# Battery suggestion for K-27 with TE?



## Robbie Hanson (Jan 4, 2008)

I'm looking into temporarily installing a trackside TE receiver in my K-27 for a battery event next month. Any suggestions on batteries that I could use and reuse for a permanent R/C install sometime in my future? I'm fairly sure I need approximately 14 volts, but how many MaH? What batteries? Will two standard 3000MaH R/C car batteries at 7.2v apiece work?

Suggestions are WELCOMED with open arms.

Thanks in advance!


----------



## itsmcgee (Jan 4, 2008)

Those Batteries will power your engine just great. Very few engines need more than 14.4 volts. The 3000 mah should give you close to two hours of average run time. There are always exceptions but I think you will be happy with the results.


----------



## Robbie Hanson (Jan 4, 2008)

Thanks for the quick reply! 

Other question I thought of: 

Will 14.4 volts run the TE?


----------



## itsmcgee (Jan 4, 2008)

yes it will. when not in use unplug the batts from the TE as it seems to have a small constant drain even with the power switch turned off on the unit.


----------



## Dan Pierce (Jan 2, 2008)

You can use 3 7.2 volt batteries in series if the 14 volts is too low. 

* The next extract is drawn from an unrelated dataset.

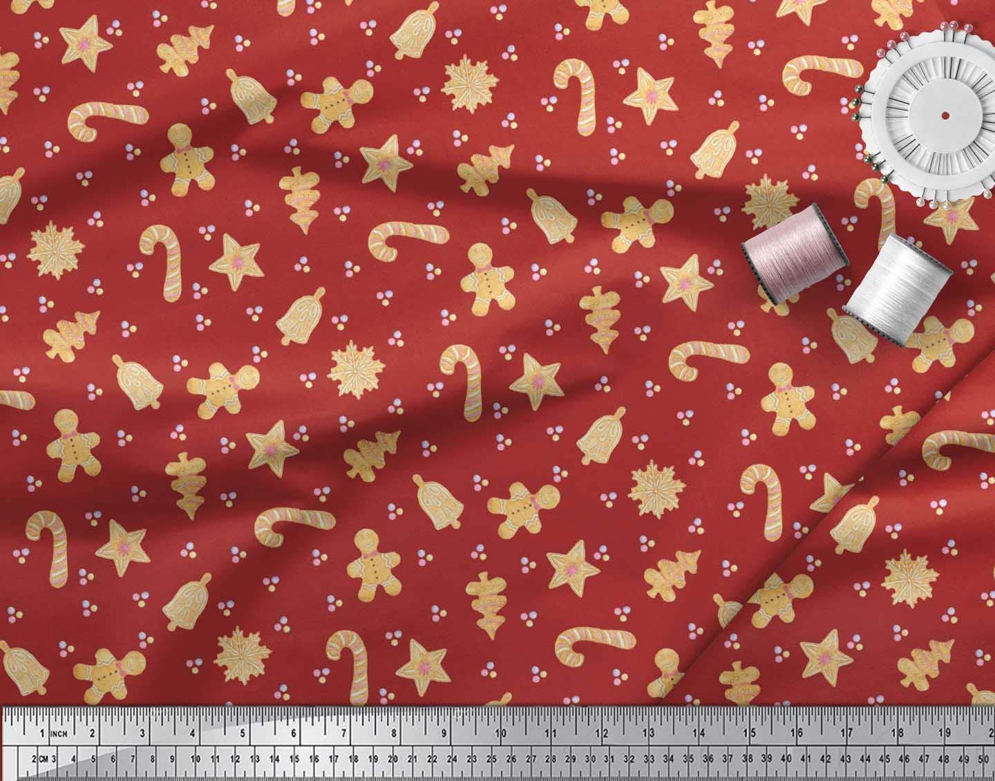 Soimoi Red Cotton Jersey Fabric Candy Stick Star Bell Christmas Print Sewing Fabric Metre 58 Inch Wide Amazon Co Uk Home Kitchen

The TE Spec is 12 to 24 volts DC input voltage.


----------



## Greg Elmassian (Jan 3, 2008)

If you have trouble, be sure to check the voltage of the batteries under load. Many people have experienced erratic operation, then finally measured the batteries, and they were pretty discharged and running right near 12v. 

 Regards, Greg


----------



## TonyWalsham (Jan 2, 2008)

Anything more than 14.4 volts and the K-27 is going to perform like a slot train. Because of the screwed up gearing, it is too fast flat out on 14.4 volts let alone any more than that


----------



## Robbie Hanson (Jan 4, 2008)

Tony, that's why I won't run it at full speed. 

I'm more concerned about providing enough voltage for the TE than the top speed. I've gotten pretty good at slow speed control.


----------



## John J (Dec 29, 2007)

I thought there is a limit you could set in a TE that the engine would not go faster than that


----------



## Stan Cedarleaf (Jan 2, 2008)

Posted By John J on 19 Oct 2009 06:19 AM 
I thought there is a limit you could set in a TE that the engine would not go faster than that 
JJ, it looks like Robbie might be using the 27 mHz TE and not the REVOLUTION. 


However, that's an assumption on my part...









Yes, you can set the top speed with the REVOLUTION to prevent "runaways"


----------



## Robbie Hanson (Jan 4, 2008)

Good guess, Stan; it's the original 27mhz TE, the first two channel one, with the rubber ducky antenna. 

It works fine trackside, so I have no qualms about temporarily using it in an engine.


----------



## Stan Cedarleaf (Jan 2, 2008)

Posted By Robbie Hanson on 20 Oct 2009 11:47 PM 
Good guess, Stan; it's the original 27mhz TE, the first two channel one, with the rubber ducky antenna. 

It works fine trackside, so I have no qualms about temporarily using it in an engine. They're fine units, Robbie. You can get extended range with a telescoping antenna if you desire. They're rated for 18 volts so your 14's will do just fine.

Enjoy..


----------



## jmill24 (Jan 11, 2008)

I believe I read some where that you will get a 3 volt drop thru the TE so this should be considered in your voltage requirements..............Jim


----------